Fischbach Alps Explained

Fischbach Alps
State:Styria, Austria
Parent:Prealps East of the Mur
Highest:Stuhleck
Elevation M:1782
Length Km:30
Range Coordinates:47.5742°N 15.79°W

The Fischbach Alps (German: Fischbacher Alpen) are part of the Prealps East of the Mur.

Location and countryside

The Fischbach Alps are a gentle, elongated mountain range in the Alps, with the character of a low mountain range and covered in forests and Alpine meadows. They are located in the Styria in Austria, south of the Mürz. They are the eastern outliers of the Central Alps and part of the Styrian Prealps.

They extend from the water gap of the Mur in the west to the Feistritz Saddle in the east. Their highest summit is the Stuhleck . Other high points are the Pretul (1,656 m) and Amundsenhöhe (1,666 m), the Teufelstein (1,498 m), the Stanglalpe (1,490 m), the Sauernkogel (1,451 m), the Steinriegel (1,577 m), the Hochschlag (1,580 m) and the Rennfeld (1,629 m).

Culture

The mountains are named after the village of Fischbach.

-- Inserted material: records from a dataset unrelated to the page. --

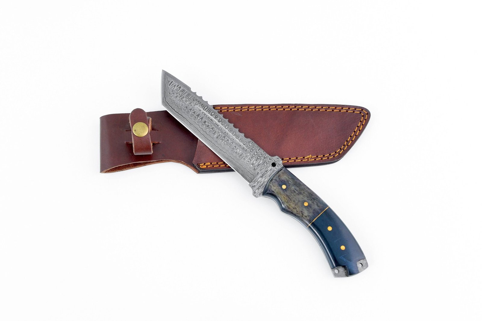 This High Carbon 400 Layer Damascus Beast Tanto has a stout tango blade, unlike most tanto's, it is 0.250" thick and carries that thickness almost to the tip. It is extremely strong but still has great penetration for stabbing and prying. This knife is a must have weather you are a hunter, camper or survivalist. Don’t leave home without it!
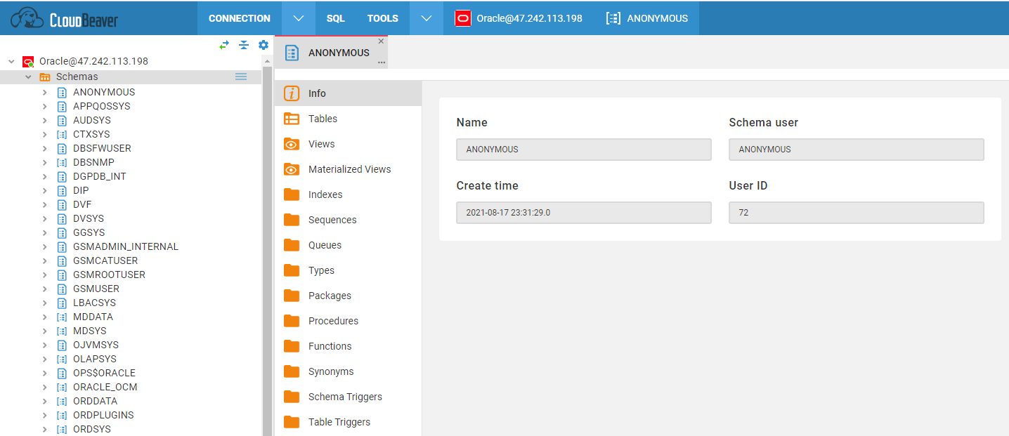 我们推荐使用 CloudBeaver 作为 Oracle 数据库的 Web 管理平台:
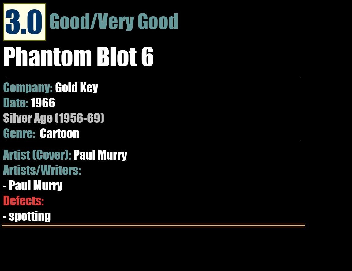 Grade: 3.0 Good/Very Good Shipping may take up to 5 business daysPhantom Blot 6Gold Key - 1966CartoonSilver Age (1956-69)3.0 Good/Very GoodArtist (Cover): Paul MurryArtists/Writers:- Paul MurryDefects:- spotting
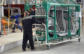 Цех сборки Горьковского автомобильного завода (ГАЗ). Кабина автомобиля "ГАЗель" на конвейере.
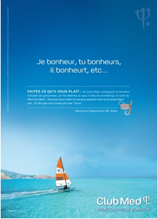 - ClubMed qui conjugue le bonheur, autorisant alors de la part des auteurs de l’étude, un trait d’esprit : « Le Club Med désormais c’est le français made in China »
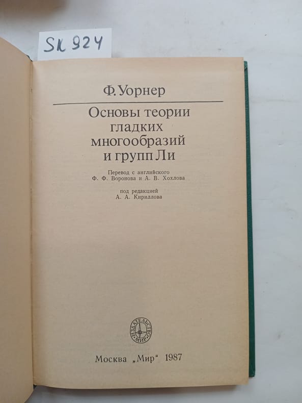 In Russian. Short description: Warner, F.,Fundamentals of Lee's smooth diversity and group theory [Osnovy teorii gladkih mnogoobrazij i grupp Li]. Moscow: World, 1987. Please feel free to contact us for a detailed description of the copies available. SKU lom-SK000924

In the Fischbach Alps lies Alpl (in the municipality of Krieglach), the birthplace of Peter Rosegger. In 1998 a broadcast in the ORF series, Klingendes Österreich, highlighted the Fischbach Alps. Under the title of Gebirge ohne Härte: Die Fischbacher Alpen the programme covered the most important villages and peaks in the Fischbach Alps.